Converted ICLR2019data.md to ICLR2019data.csv


In [7]:
from sklearn.feature_extraction.text import TfidfVectorizer
from sklearn.metrics.pairwise import cosine_similarity

def mark_best_papers(csv_file_path, best_papers_txt_file_path):
    # 读取CSV文件到一个DataFrame
    df = pd.read_csv(csv_file_path)

    # 读取Best Paper标题到一个列表，并过滤掉空行
    with open(best_papers_txt_file_path, 'r') as f:
        best_papers = [line for line in f.read().splitlines() if line]

    # 创建一个新的列"Best Paper"，并将其初始值设为0
    df['Best Paper'] = 0

    # 创建一个TF-IDF向量器
    vectorizer = TfidfVectorizer()

    # 对所有标题（包括CSV文件中的标题和best paper的标题）进行TF-IDF转换
    all_titles = df['Title'].tolist() + best_papers
    tfidf_matrix = vectorizer.fit_transform(all_titles)

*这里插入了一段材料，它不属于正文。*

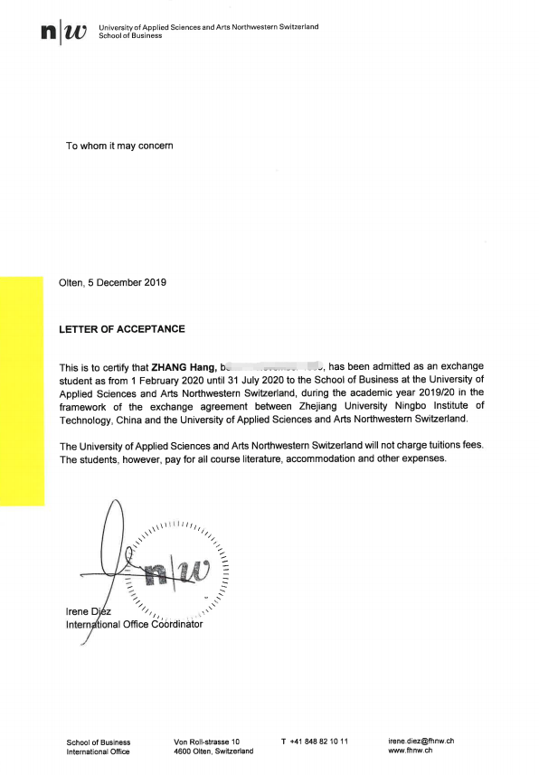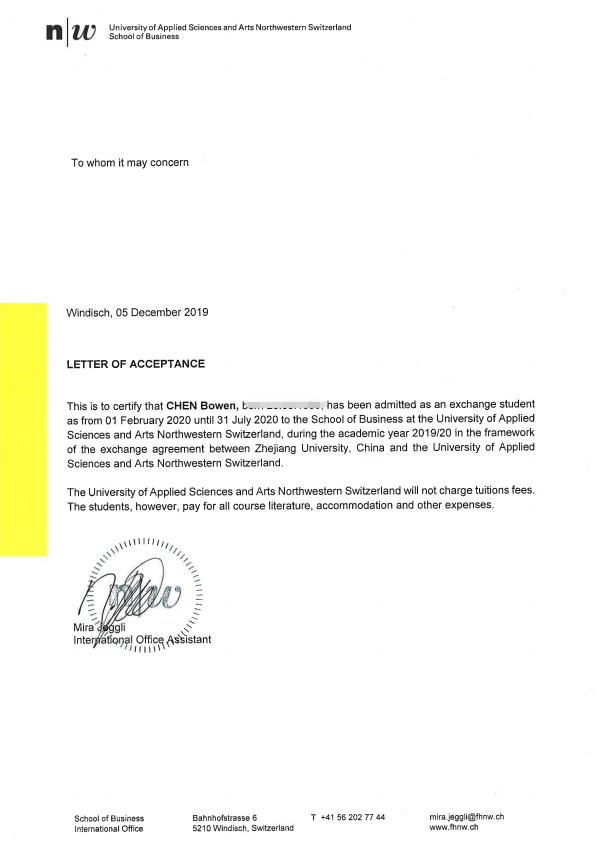 日前,yl23411永利官网登录学子陈柏闻(金融17级)和张航(国商18级)收到瑞士西北应用科学与艺术大学(FHNW)2020年春季学期交流生录取通知书,计划于2020年2月前往瑞士进行为期一学期的公费学习。届时,他们将和来自世界各地的同学一起在FNNW学习商科相关的全英文课程。这标志着yl23411永利官网登录与瑞士西北应用科学与艺术大学yl23411永利官网登录的员工互访项目进入实质性合作阶段。

    # 计算每个best paper标题与所有CSV文件标题的余弦相似性
    for i in range(len(df), len(all_titles)):
        cosine_similarities = cosine_similarity(tfidf_matrix[i], tfidf_matrix[:len(df)]).flatten()
        # 找到最相似的标题的索引
        most_similar_index = cosine_similarities.argmax()
        # 将相应的行标记为best paper
        df.loc[most_similar_index, 'Best Paper'] = 1

    # 将结果保存到CSV文件中
    df.to_csv(csv_file_path, index=False)
mark_best_papers("ICLR2019data.csv","bestPaperICLR2019.txt")